In the garage, Gene saw an old friend from elementary school. He poignantly recalled finger-painting with him in 2nd grade. I wouldn’t mind finger-painting right now, Gene thought. But this friend dealt weed now, so he smoked a bowl with him and his shady friends. Gene coughed, tears filling his eyes, and his old friend, laughing, called him a little bitch. Gene asked if maybe he’d like to sell paint supplies instead, before leaving their cackling presence in the shadows.

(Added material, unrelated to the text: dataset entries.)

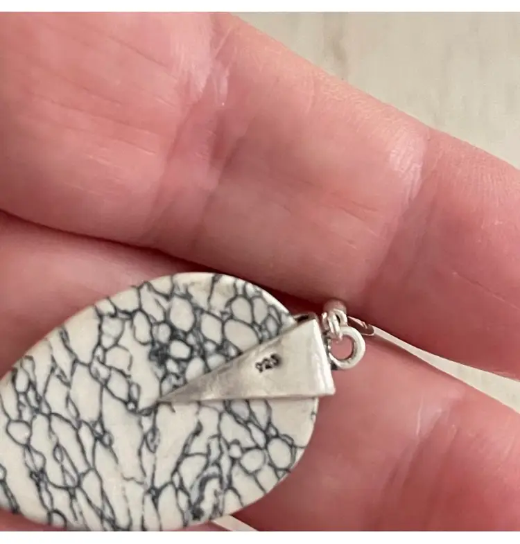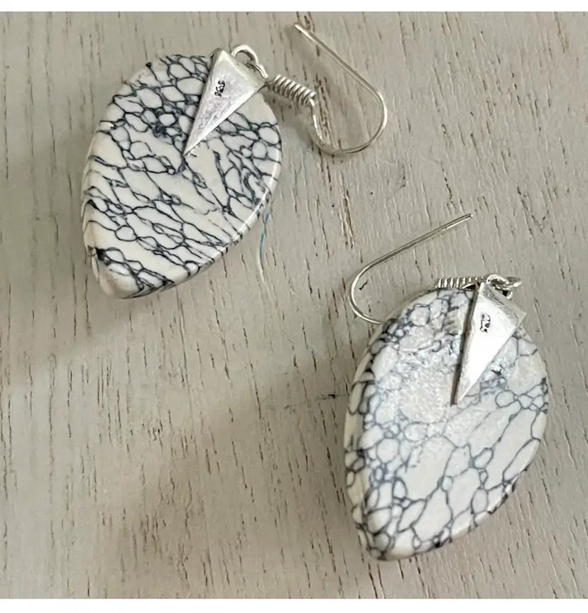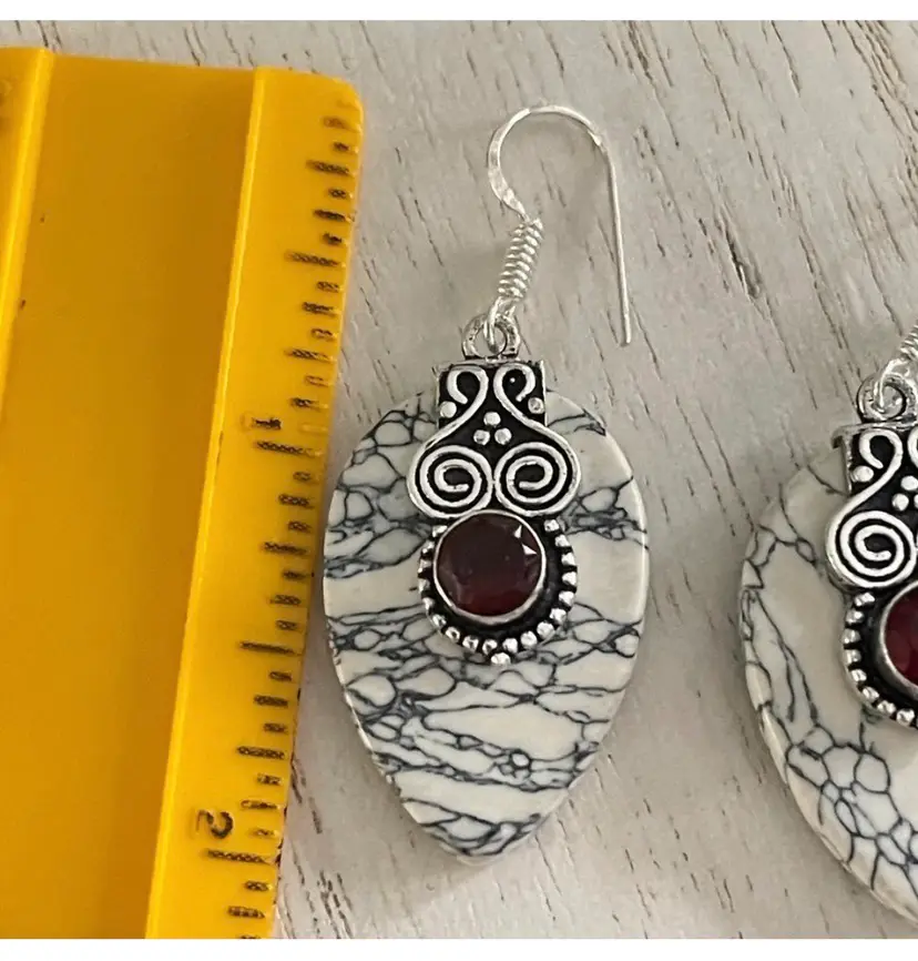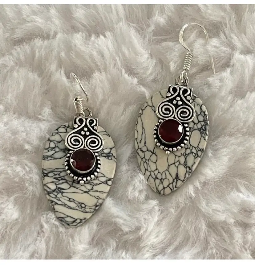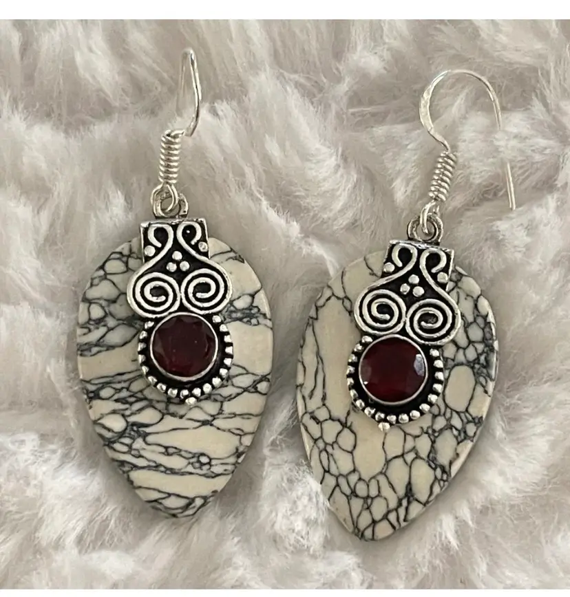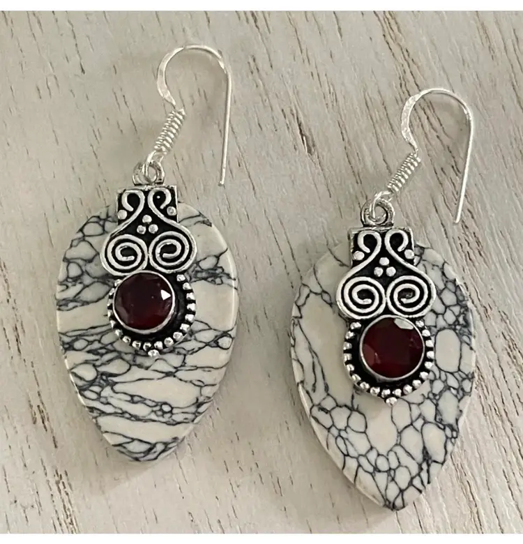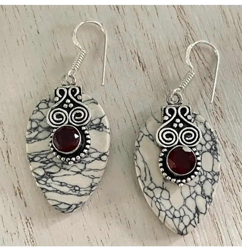 Garnet color cabochon and white howlite dangle earrings Approximately 2"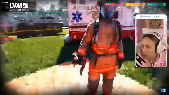 05:19:10Die Streamer lotsen ein Opfer zur Leiter und diskutieren, warum es nicht einfach in ein Loch springt. Sie bemerken, dass das Spiel anzeigt, wo man springen kann. Nachdem das Opfer gerettet wurde, stellen sie fest, dass immer noch Feuer gelöscht werden muss. Sie überlegen, den Schwierigkeitsgrad zu erhöhen, nachdem sie die aktuelle Mission erfolgreich abgeschlossen haben. Die Streamer suchen nach einer Möglichkeit, sich im Spiel umzuziehen, finden aber keine. Sie diskutieren über Stromkästen auf deutschen Straßen und die Bedenken, wenn Regen eindringt. Die nächste Mission beginnt in einem Bürogebäude mit dem Ziel, Menschen zu retten. Die Streamer wählen den Schwierigkeitsgrad Schwer und bereiten sich auf die Herausforderung vor. Sie bemerken, dass ihr Team jetzt eine Leiter auf dem Auto hat.
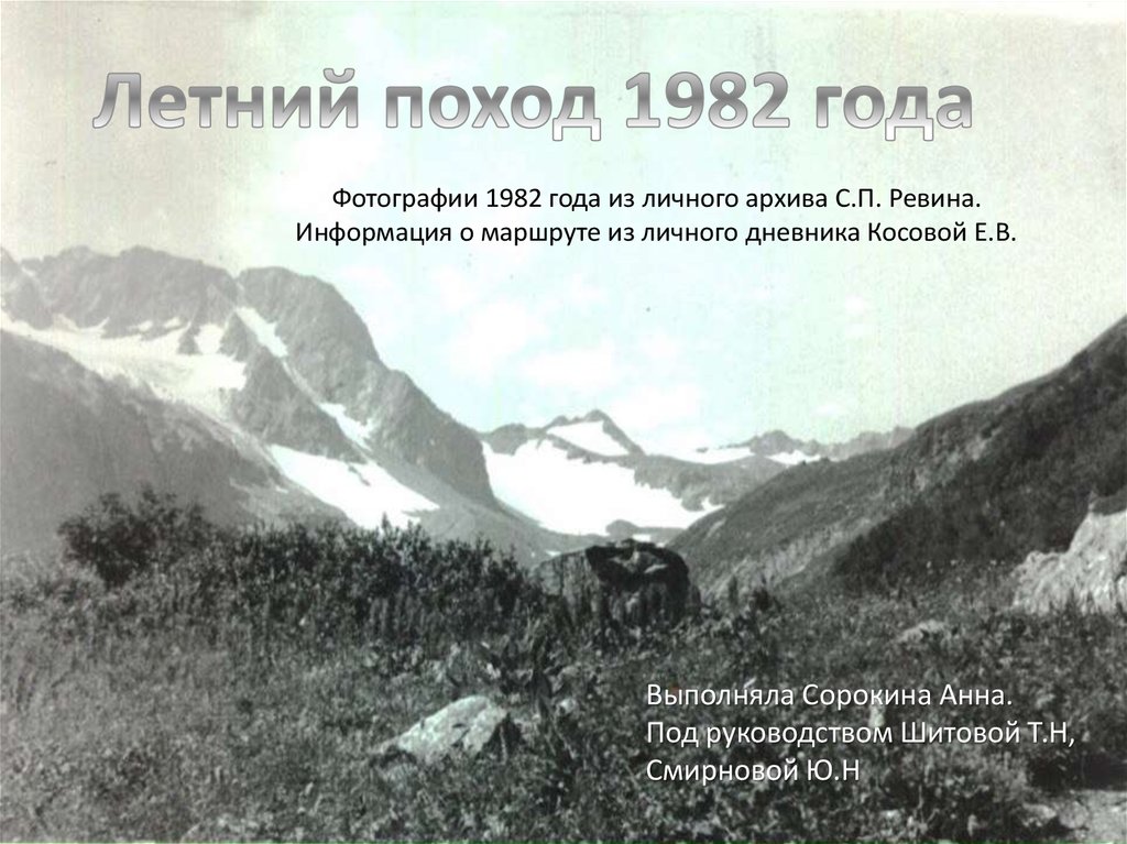 Фотографии 1982 года из личного архива С.П. Ревина.Информация о маршруте из личного дневника Косовой Е.В.

He returned to the safety of his artist friends, listening to them talk shit about the local jazz musicians they adored. That’s how it works: you can only praise them for so long before you have to desecrate their shrines and move on to bigger and better heroes.

He saw a girl he had a crush on all through middle school; she was making out with another girl while her classmates cheered them on, throwing money at their feet. In the next room, two best friends wrestled in drunken reverie, before their masculine pride dictated they slam each other into walls – one of them, a kid named Andy, cut his forehead, blood streaming down his face. He was congratulated and handed a full bottle of rum.

Then Gene was lying on a carpeted floor, staring up at a ceiling cast in shadowy incandescence. A friend of his – one he didn’t see much any more – sat a few feet away, his back against the wall. This friend was a head taller than Gene remembered, and spoke with a new vocabulary of slang. How had Gene lost track of him so? The friend rambled on about all the deep talks they used to have about String Theory and Agnosticism. His friend missed him. His friend tried to ignite the philosophical fires by bringing up the history channel show Ancient Aliens. Apparently, it was mind-blowing, and Gene should check it out immediately. “Yeaaah, I know these so-called experts – that talk about how aliens jump-started human evolution – I know they’re completely crazy, but, like, what-if? You know?” A little while later he asked if Gene wanted to hoop. This friend always wanted to hoop then. Gene tried, whispering and wheezing, to tell him it was too cold out. “Pfft, maaan, there’s not even snow on the ground!” his friend retorted while getting up. He left to go hoop by himself in the flakeless chill.

11:53PM

The house lacked a TV on which to watch the countdown. People pulled out their phones, held them above their heads, yelled at each other to shut the fuck up. They attempted counting, but had to guess at when the minute would change. It was messy, staggered, and anticlimactic, but eventually they all kissed, slobbered all over each other, girls kissing girls, guys kissing other guys’ girlfriends and getting punched, everyone chugging the remains of bottles, much too much too much. A very drunk, rather unattractive girl even smooched Gene. That was my first kiss, he thought, feeling terribly cheated. One of his artist friends assured him that it didn’t count.

4:17AM

As he laid there in the dark, his Gulliva drudging up memories spitefully, Gene realized that nothing counted for anything. This doesn’t count. The new year doesn’t count. None of it counts. Or maybe it all counts… He rubbed his weary eyes. What am I doing here? He got up from under the table, stepping carefully around the bony ankle and its possessor, and tiptoed to the door. As his eyes adjusted, he looked back from the doorway to see bodies upon bodies passed out in one of the houses many rooms. Sleeping like children, peaceful, wretched, desperate. He heard someone puking in the nearby bathroom, saw blood stains in the hallway, felt the raw back of his throat beginning to heal. It was still the wee hours. He walked from the large, tortured house to the nearby park, where a few snow flakes fell and melted into dew. He knew the buses ran all night and as he sat at the bus stop, waited for anything to count for something.